===== Input material =====
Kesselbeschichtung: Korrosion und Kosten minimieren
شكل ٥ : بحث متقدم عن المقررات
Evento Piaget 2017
=====
===== Input material =====
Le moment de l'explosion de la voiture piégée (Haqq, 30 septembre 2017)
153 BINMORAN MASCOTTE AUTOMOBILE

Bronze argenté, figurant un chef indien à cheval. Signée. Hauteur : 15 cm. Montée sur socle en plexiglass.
=====
===== Input material =====
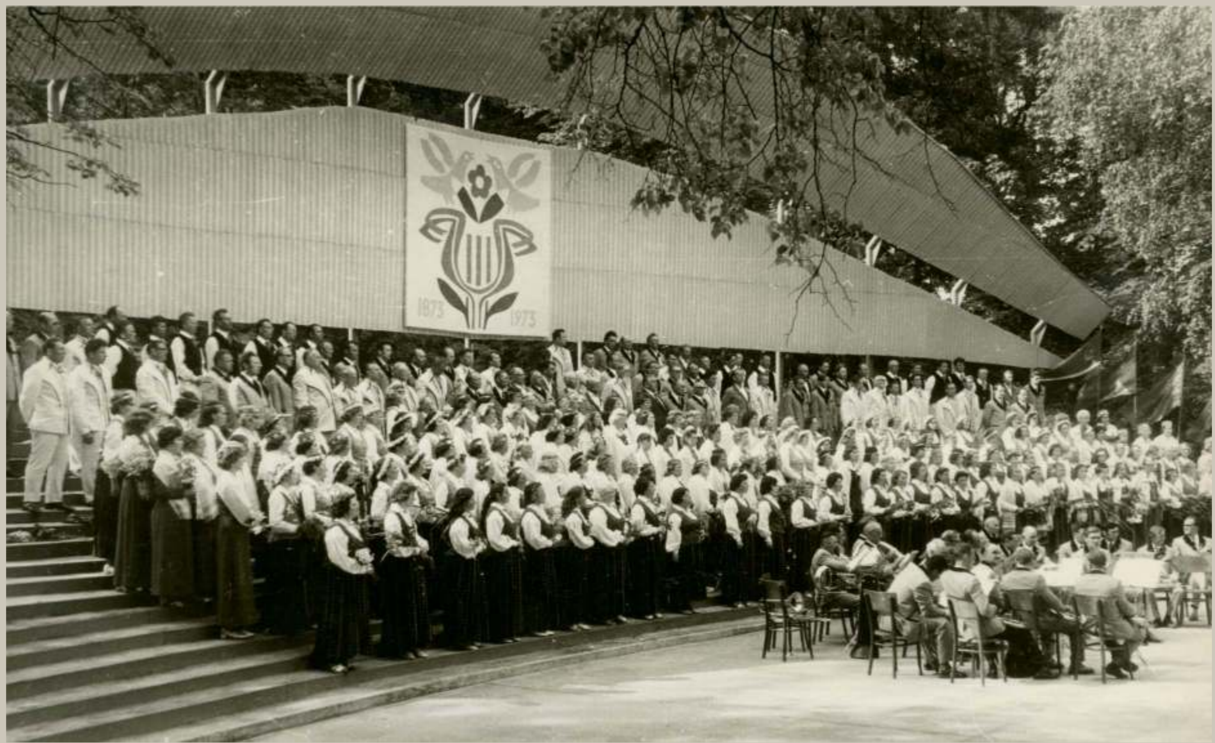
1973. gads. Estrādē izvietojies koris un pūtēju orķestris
=====
> Task prompt:
The exact lines of the material above starting at the one that contains "153 BINMORAN MASCOTTE AUTOMOBILE" and ending at the one that contains "Bronze argenté, figurant" are what to retype; leave out everything else.

> Solution for this task:
153 BINMORAN MASCOTTE AUTOMOBILE

Bronze argenté, figurant un chef indien à cheval. Signée. Hauteur : 15 cm. Montée sur socle en plexiglass.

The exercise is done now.